La reina del norte, capitulo 4.

 Ixtchel se hallaba en la oficina del gerente, un ambiente opresivo que olía a tabaco rancio y a la inevitable tristeza del fracaso. El gerente, un hombre con la mirada perdida y el rostro marcado por líneas de preocupación, se sentó frente a ella, ansioso por escuchar la petición de su nueva empleada. Ella, con un aire de confianza que desmentía su juventud, tomó un pequeño frasco de su bolso. Con un gesto calculado, arrojó un polvo verdoso en la mesa, el cual emanaba un aroma a hierbas silvestres y especias. Era otro truco de Don Meny, su mentor, que le había enseñado a usar las plantas para obtener la verdad.


El gerente, al inhalar el polvo, se quedó inmóvil. Sus ojos se abrieron de par en par, y su cuerpo se dejó caer hacia atrás en la silla, como si hubiera sido desconectado de la realidad. Su expresión se tornó vacía, y Ixtchel supo que había logrado lo que deseaba: entrarlo en un trance.


—¿Quién dirige la empresa? —preguntó Ixtchel, su voz firme resonando en el silencio denso de la oficina.


—Samuel Alberdi —respondió el gerente, su voz sonámbula.


—¿Samuel? Mi tío... pero no lo he visto —Ixtchel sintió un escalofrío recorrerle la espalda. La conexión familiar, un hilo invisible que la ataba a un pasado que creía perdido, comenzaba a tomar forma.

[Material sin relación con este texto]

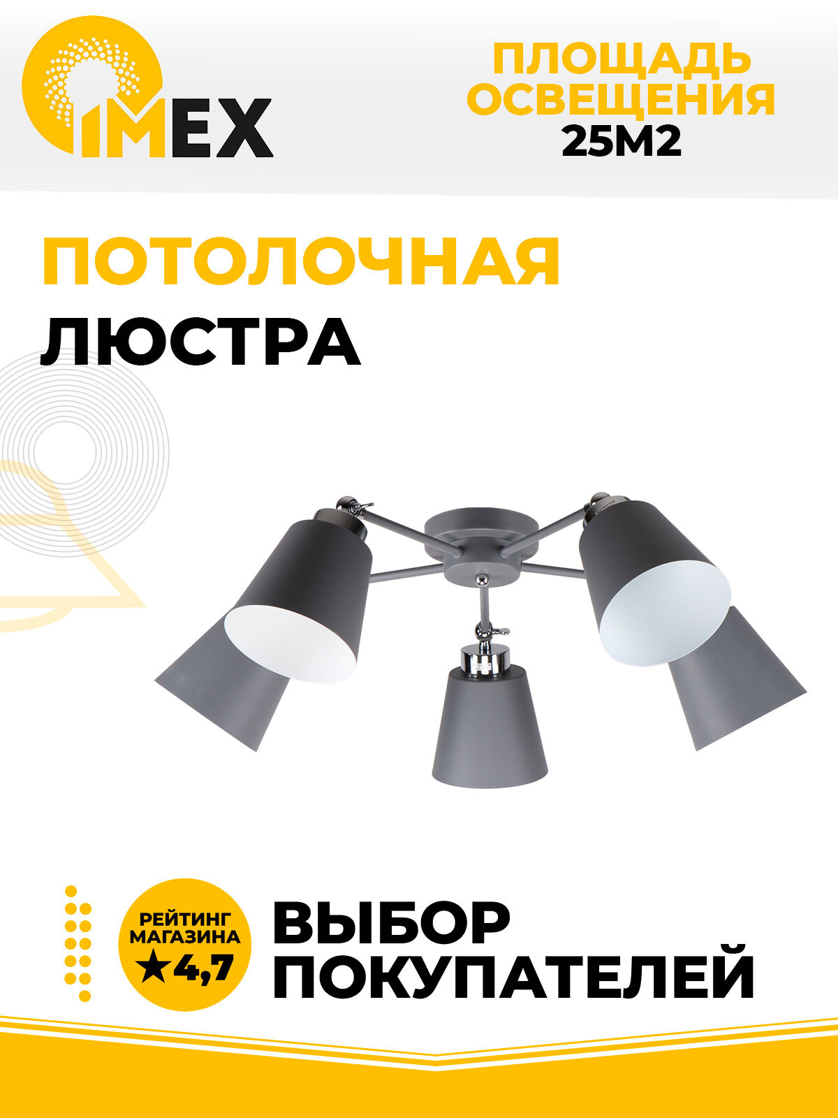 На сегодняшний день товар «Потолочная люстра IMEX MD.9103-5-S GR+CH» можно купить с кешбеком в 2 магазинах: donplafon, Яндекс.Маркет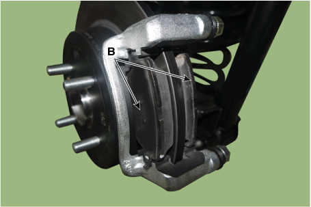 Если износ превышает допустимый, протрите тампоном левый и правый диски и колодки в сборе. транспортного средства. |
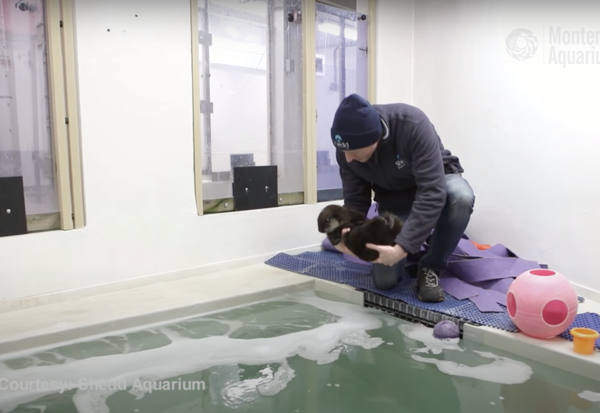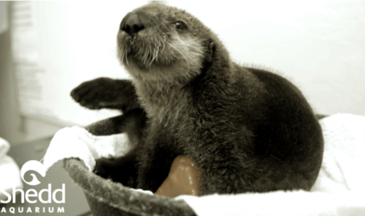 The day before this baby otter was transferred to Shedd Aquarium, she had the pleasure of being in care at Monterey Bay. The humans there knew it would be important for her to adapt to various otter activities, so the pup learned about solid foods and swimming in water below your belly.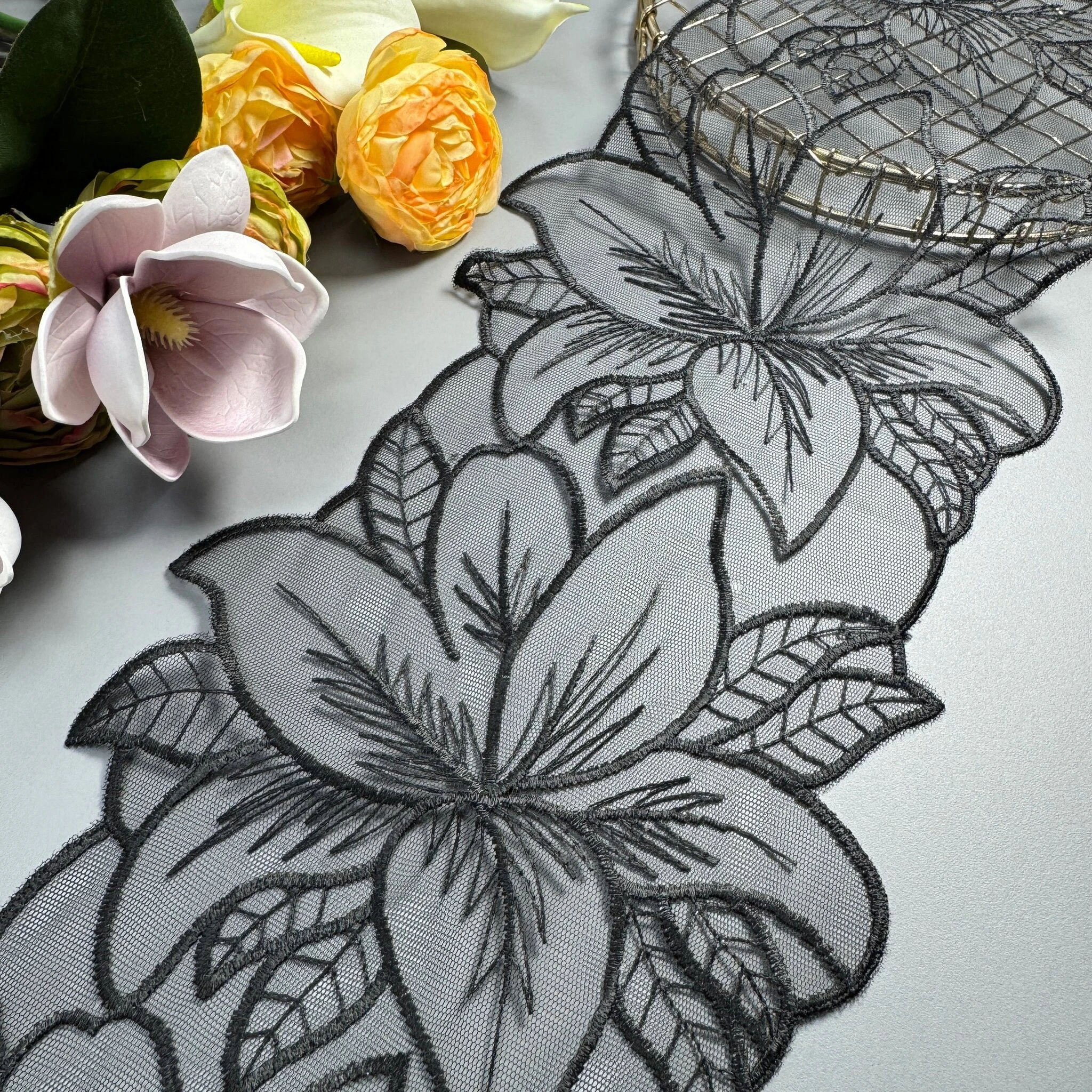 Мереживо органза GD602871 20 см (16 ярдів/14.6 м.), чорний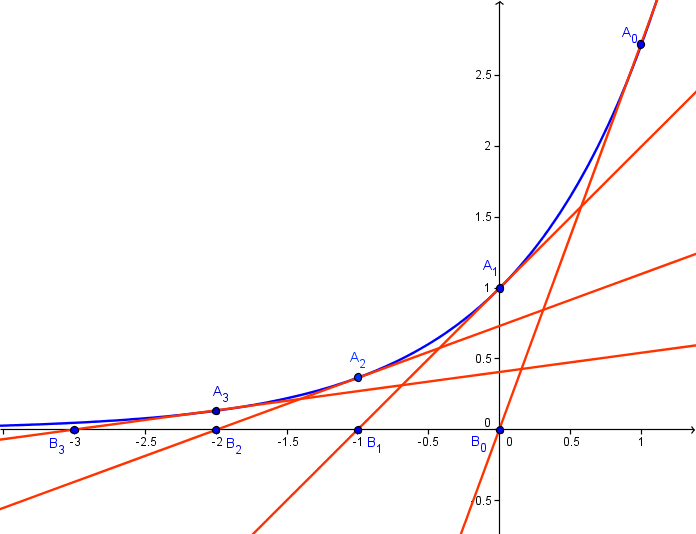 2 - On a placé sur l'axe des abscisses les points B0, B1, B2, B3 d'abscisses respectives 0, -1, -2, -3.
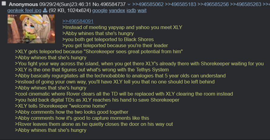 >>4936378 Самый пиздец в том что геншин он блять весь ПРО НЕПИСЕЙ. И так оно везде, любой квест перса это история нпс в которой просто участвует игровой персонаж. Вот сейчас квест Эскуфье, в нем она на третьем плане, нам просто рассказывают ахуенные истории рандомных неписей из фонтейна с плоскими модельками, квест если что длится 5 часов. При этом ключевым лорным персам типа Капитано в игре внимание не уделяется вообще, его история это флешбек на 1 минуту. В следующем патче будет Скирк, ключевой лорный перс, но ее квест будет про какого-нибудь нпс из каенриах.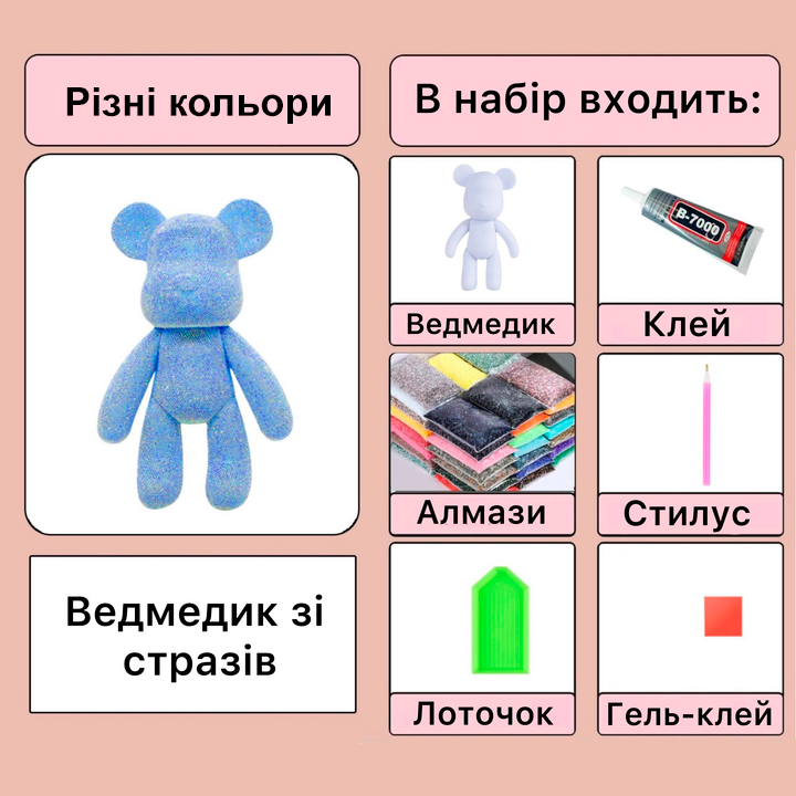 Набор для создания Алмазного мишки. Набор состоит из: фигурка мишки 21 см; стразы соответствующего цвета блестящие, круглые; карандаш; подставка-блюдце для алмазов; клей; бантик

—Samuel obedece al cartel —continuó el gerente, su mirada fija en un punto más allá de Ixtchel.


—¿Cuál cartel? —su voz tembló levemente, mientras su mente empezaba a entrelazar piezas de un rompecabezas oscuro.


—Los Jinetes —musitó el gerente, como si pronunciar aquel nombre pudiera atraer la sombra de su significado.


—¿Quién los lidera? —Ixtchel sintió cómo su corazón latía con fuerza, cada vez más rápido.


—El capo Ghostman... nadie sabe quién es, pero maneja el lavado de dinero, el narcotráfico, el tráfico de órganos, prostitución, secuestro, y cuánta chingadera sucia te puedas imaginar —las palabras del gerente cayeron como un peso en el ambiente, impregnando la atmósfera de una tensión palpable.


Ixtchel asimiló la información. La empresa que había heredado no era solo un lugar de trabajo; era una telaraña de corrupción y miedo, un instrumento de un imperio criminal. Entendió que, para recuperar lo que le pertenecía, necesitaba un abogado, alguien que pudiera navegar por las aguas turbias de aquel mundo y ayudarla a desentrañar la red de mentiras que la rodeaba.


Con una determinación renovada, se retiró de la oficina. Cada paso resonaba en el suelo, marcando su camino hacia la salida, mientras su mente se llenaba de imágenes de su infancia, recuerdos de su tío, de un tiempo más sencillo que ahora se desvanecía. El aire frío del pasillo la recibió, un recordatorio de que, aunque el ambiente era sombrío, ella aún tenía el poder de cambiar su destino. Renunciar a la empresa significaba renunciar al miedo, pero también a las cadenas que la ataban a un pasado oscuro. 


Mientras atravesaba la puerta principal, el mundo exterior se extendía ante ella, lleno de posibilidades. La libertad la aguardaba, y aunque el camino sería arduo, estaba decidida a enfrentarse a los fantasmas que había dejado atrás. No permitiría que el legado de su familia fuera arrastrado por la corrupción. Con cada paso que daba, su propósito se hacía más claro: buscar la verdad y recuperar su vida.

El aire en la sala del presidente Gerard Fernan era tenso, cargado con el olor a cuero de los muebles de lujo y el inconfundible aroma de los habanos que, hasta ese momento, habían sido el único vicio permitido en ese espacio austero. Los dedos de Gerard tamborileaban nerviosos sobre el escritorio de caoba, su rostro endurecido por las cicatrices de años en el poder. La luz tenue de las lámparas arrojaba sombras sobre su figura, acentuando los pliegues de su frente mientras observaba a su inesperado visitante: Ghostman, el capo más temido de México, parado frente a él con una calma inquietante.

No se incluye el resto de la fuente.